[Data supplied Boundary: Start]

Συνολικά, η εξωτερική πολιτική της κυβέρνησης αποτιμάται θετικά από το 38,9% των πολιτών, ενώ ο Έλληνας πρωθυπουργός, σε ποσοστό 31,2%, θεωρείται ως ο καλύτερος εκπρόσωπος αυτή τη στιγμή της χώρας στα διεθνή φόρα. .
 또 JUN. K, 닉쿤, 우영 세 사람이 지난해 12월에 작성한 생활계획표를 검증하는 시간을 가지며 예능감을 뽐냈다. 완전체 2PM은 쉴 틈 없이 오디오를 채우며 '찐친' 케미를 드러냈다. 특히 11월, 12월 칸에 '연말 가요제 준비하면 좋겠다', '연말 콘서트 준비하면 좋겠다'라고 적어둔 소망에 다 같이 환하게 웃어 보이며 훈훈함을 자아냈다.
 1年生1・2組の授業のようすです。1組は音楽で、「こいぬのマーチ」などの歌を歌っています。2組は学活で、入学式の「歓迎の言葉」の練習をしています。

[Data supplied Boundary: End]
[Data supplied Boundary: Start]

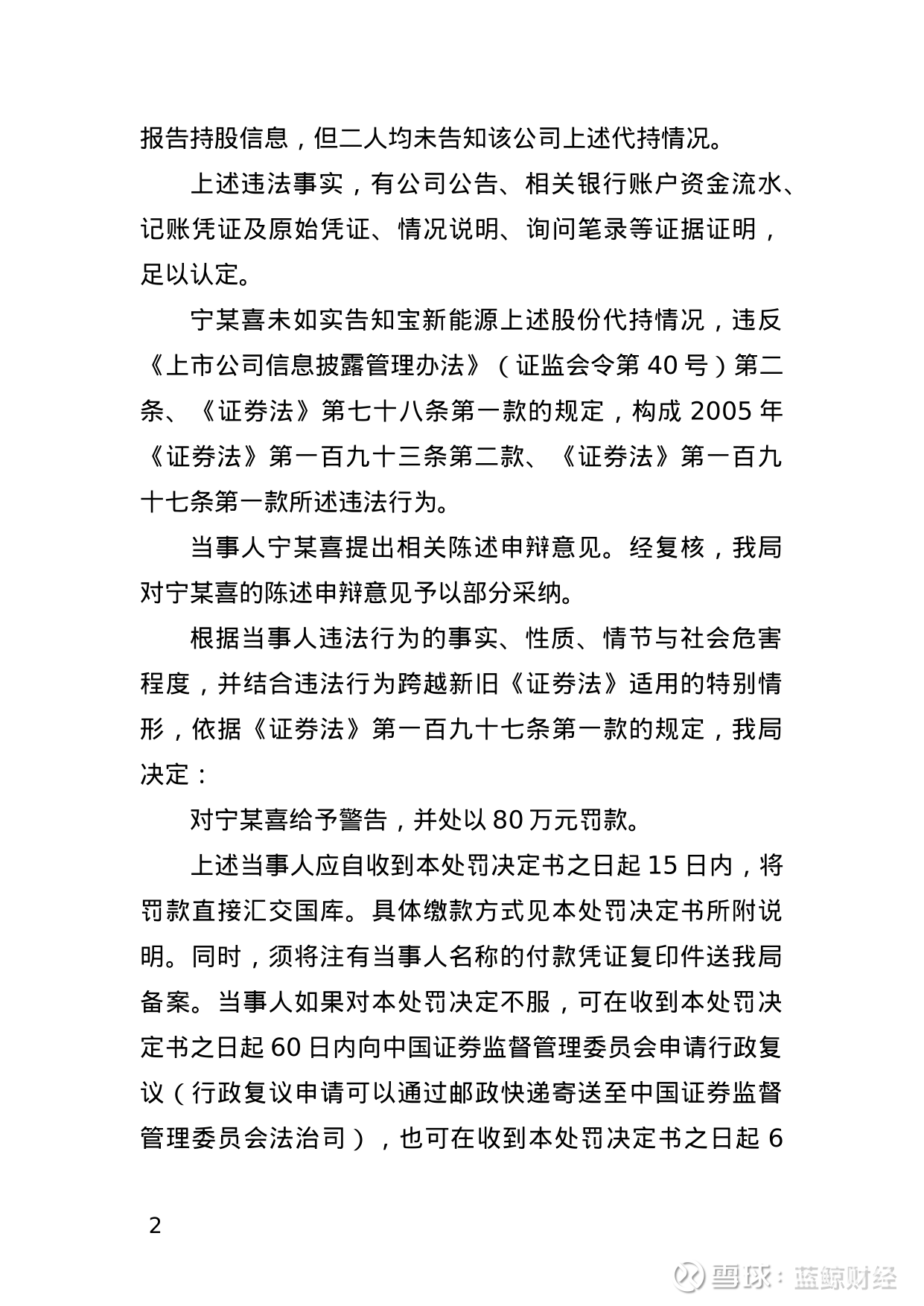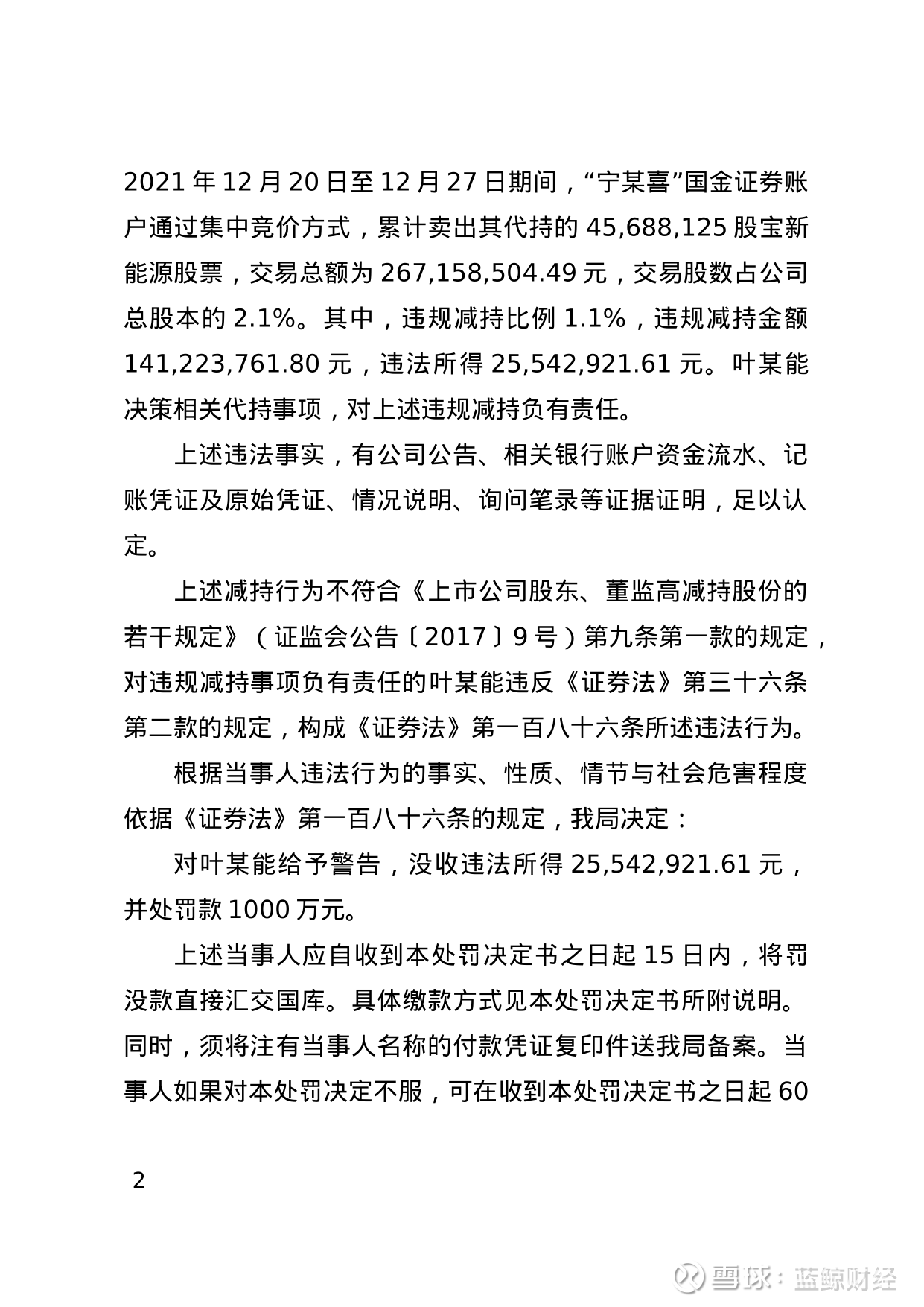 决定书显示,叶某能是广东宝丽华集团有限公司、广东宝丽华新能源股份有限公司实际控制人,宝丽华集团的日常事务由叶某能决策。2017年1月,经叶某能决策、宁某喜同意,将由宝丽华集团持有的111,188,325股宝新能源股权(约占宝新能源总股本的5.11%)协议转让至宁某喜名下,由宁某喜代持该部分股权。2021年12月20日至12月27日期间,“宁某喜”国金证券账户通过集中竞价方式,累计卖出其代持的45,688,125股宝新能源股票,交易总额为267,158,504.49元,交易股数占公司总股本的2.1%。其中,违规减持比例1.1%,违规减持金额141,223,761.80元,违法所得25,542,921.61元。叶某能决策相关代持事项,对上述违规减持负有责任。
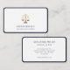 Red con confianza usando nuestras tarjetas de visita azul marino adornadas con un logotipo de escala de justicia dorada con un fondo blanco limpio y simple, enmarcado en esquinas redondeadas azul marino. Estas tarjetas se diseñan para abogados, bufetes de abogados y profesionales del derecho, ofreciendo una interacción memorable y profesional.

[Data supplied Boundary: End]
[Data supplied Boundary: Start]

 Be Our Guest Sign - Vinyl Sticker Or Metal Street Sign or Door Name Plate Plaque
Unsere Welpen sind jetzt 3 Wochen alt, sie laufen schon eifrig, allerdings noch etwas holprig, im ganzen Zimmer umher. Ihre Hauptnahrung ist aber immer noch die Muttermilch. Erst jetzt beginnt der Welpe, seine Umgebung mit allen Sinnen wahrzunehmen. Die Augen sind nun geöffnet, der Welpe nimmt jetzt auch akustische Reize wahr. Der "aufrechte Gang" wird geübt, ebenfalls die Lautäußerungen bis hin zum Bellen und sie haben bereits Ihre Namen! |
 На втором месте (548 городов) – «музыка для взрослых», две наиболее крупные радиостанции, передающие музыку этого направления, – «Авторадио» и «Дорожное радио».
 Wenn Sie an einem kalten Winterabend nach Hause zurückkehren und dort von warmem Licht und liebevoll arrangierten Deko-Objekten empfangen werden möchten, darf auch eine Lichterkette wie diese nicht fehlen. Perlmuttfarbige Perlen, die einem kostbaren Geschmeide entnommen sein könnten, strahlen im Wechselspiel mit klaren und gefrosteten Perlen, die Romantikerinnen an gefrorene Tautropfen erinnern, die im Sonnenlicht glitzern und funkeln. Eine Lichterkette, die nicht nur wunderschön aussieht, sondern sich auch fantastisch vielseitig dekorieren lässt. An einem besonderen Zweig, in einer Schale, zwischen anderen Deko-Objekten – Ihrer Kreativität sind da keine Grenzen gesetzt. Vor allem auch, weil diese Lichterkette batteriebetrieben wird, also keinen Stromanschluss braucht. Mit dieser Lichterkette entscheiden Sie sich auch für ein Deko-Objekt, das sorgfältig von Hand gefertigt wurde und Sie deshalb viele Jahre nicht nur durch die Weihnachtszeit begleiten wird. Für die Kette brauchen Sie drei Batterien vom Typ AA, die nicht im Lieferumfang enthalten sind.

[Data supplied Boundary: End]

• **To do**: Everything above from the line containing "На втором месте" down to the line containing "Wenn Sie an" is to be transcribed exactly, with both of those lines included and nothing else added.

• **Solution for this exercise**:
 На втором месте (548 городов) – «музыка для взрослых», две наиболее крупные радиостанции, передающие музыку этого направления, – «Авторадио» и «Дорожное радио».
 Wenn Sie an einem kalten Winterabend nach Hause zurückkehren und dort von warmem Licht und liebevoll arrangierten Deko-Objekten empfangen werden möchten, darf auch eine Lichterkette wie diese nicht fehlen. Perlmuttfarbige Perlen, die einem kostbaren Geschmeide entnommen sein könnten, strahlen im Wechselspiel mit klaren und gefrosteten Perlen, die Romantikerinnen an gefrorene Tautropfen erinnern, die im Sonnenlicht glitzern und funkeln. Eine Lichterkette, die nicht nur wunderschön aussieht, sondern sich auch fantastisch vielseitig dekorieren lässt. An einem besonderen Zweig, in einer Schale, zwischen anderen Deko-Objekten – Ihrer Kreativität sind da keine Grenzen gesetzt. Vor allem auch, weil diese Lichterkette batteriebetrieben wird, also keinen Stromanschluss braucht. Mit dieser Lichterkette entscheiden Sie sich auch für ein Deko-Objekt, das sorgfältig von Hand gefertigt wurde und Sie deshalb viele Jahre nicht nur durch die Weihnachtszeit begleiten wird. Für die Kette brauchen Sie drei Batterien vom Typ AA, die nicht im Lieferumfang enthalten sind.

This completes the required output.